FEDERICO GARCÍA LORCA

Antes de juzgarles con excesiva severidad

debemos recordar que nuestra propia especie

ha destruido completa y bárbaramente,

no solo especies animales, sino otras razas humanas.

H. G. WELLS

La guerra de los mundos

Aparecieron sin más. Tan solo unos segundos antes, el cielo era el mismo y reconocible techo de nuestro mundo que había visto todos los días de mi vida; un instante después, se llenó de aquellos pájaros plateados y ya nada volvería a ser igual. Brillaban tanto al reflejar la luz del sol que parecían llenos de vida. Nada más lejos de la realidad: aquellas naves alienígenas venían cargadas de muerte. Al menos eso fue evidente desde el principio. Nos consideraban tan inferiores que ni siquiera intentaron engañarnos. Inutilizaron nuestra red de telecomunicaciones con suma facilidad y comenzaron el ataque inmediatamente. Todas las guerras son terribles, pero esta vez se trataba de luchar por la supervivencia como especie.

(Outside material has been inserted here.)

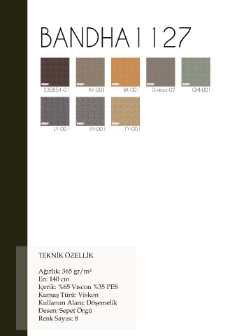 BANDHA1127 230854-01 AY-001 BK-001 Duman-02 GM-001 LY-001 SY-001 TY-001 TEKNİK ÖZELLİK Ağırlık: 365 gr/m² En: 140 cm Içerik: %65 Vıscon %35 PES Kumaş Türü: Viskon Kullanım Alanı: Döşemelik Desen: Sepet Örgü Desen: Sepet Örgü Renk Sayısı: 8
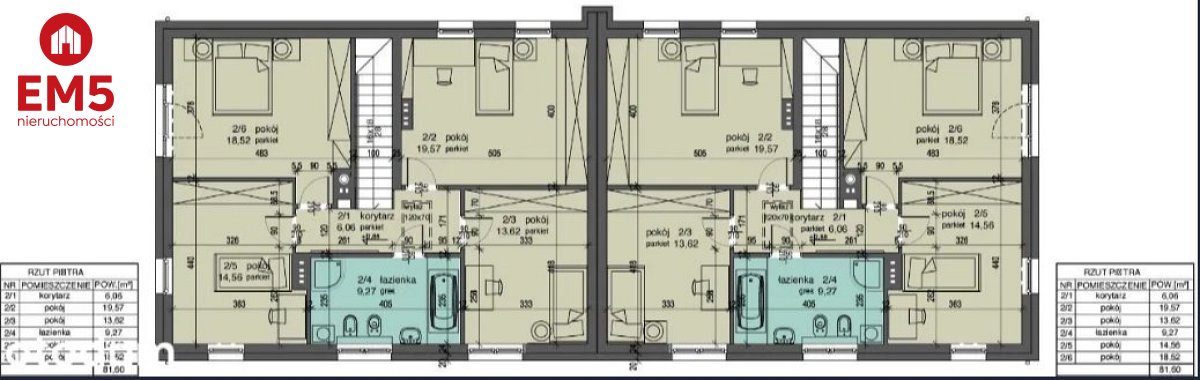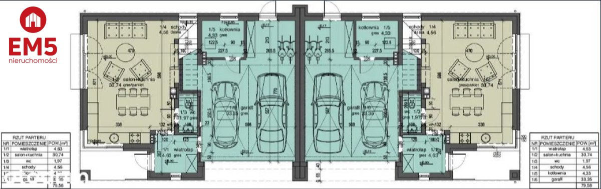 Wnętrze domów jest przestronne i funkcjonalne. Parter o powierzchni 79,58 m2 obejmuje salon z kuchnią (30,74 m2), wiatrołap, WC, kotłownię oraz garaż na dwa auta (33,35 m2). Na piętrze znajduje się 5 pokoi o łącznej powierzchni 81,6 m2, a także łazienka i korytarz. Dodatkowo istnieje możliwość adaptacji poddasza o powierzchni około 70 m2.

Aquellos seres venían dispuestos a colonizar nuestro mundo. Quizás querían apropiarse de nuestras materias primas o tal vez reducirnos a esclavos, pero yo me temía lo peor, estaba convencido de que pretendían acabar con nuestra raza, iban a forzar nuestra extinción para quedarse con nuestro planeta. Nuestra mayor pesadilla se había convertido en realidad. Habíamos visto tantas películas de ciencia ficción en las que éramos atacados por una raza venida del espacio exterior que, en cierta manera, estábamos familiarizados con el tema. Así que, cuando pasaron los primeros momentos de estupefacción y horror, cuando nos dimos realmente cuenta de que aquello iba en serio y pudimos sacudirnos de encima el pánico, nos empezamos a organizar y se formó algo así como una gran resistencia a nivel mundial, en la que todos los seres de este planeta éramos soldados con un único deber: echar a los invasores de nuestro mundo.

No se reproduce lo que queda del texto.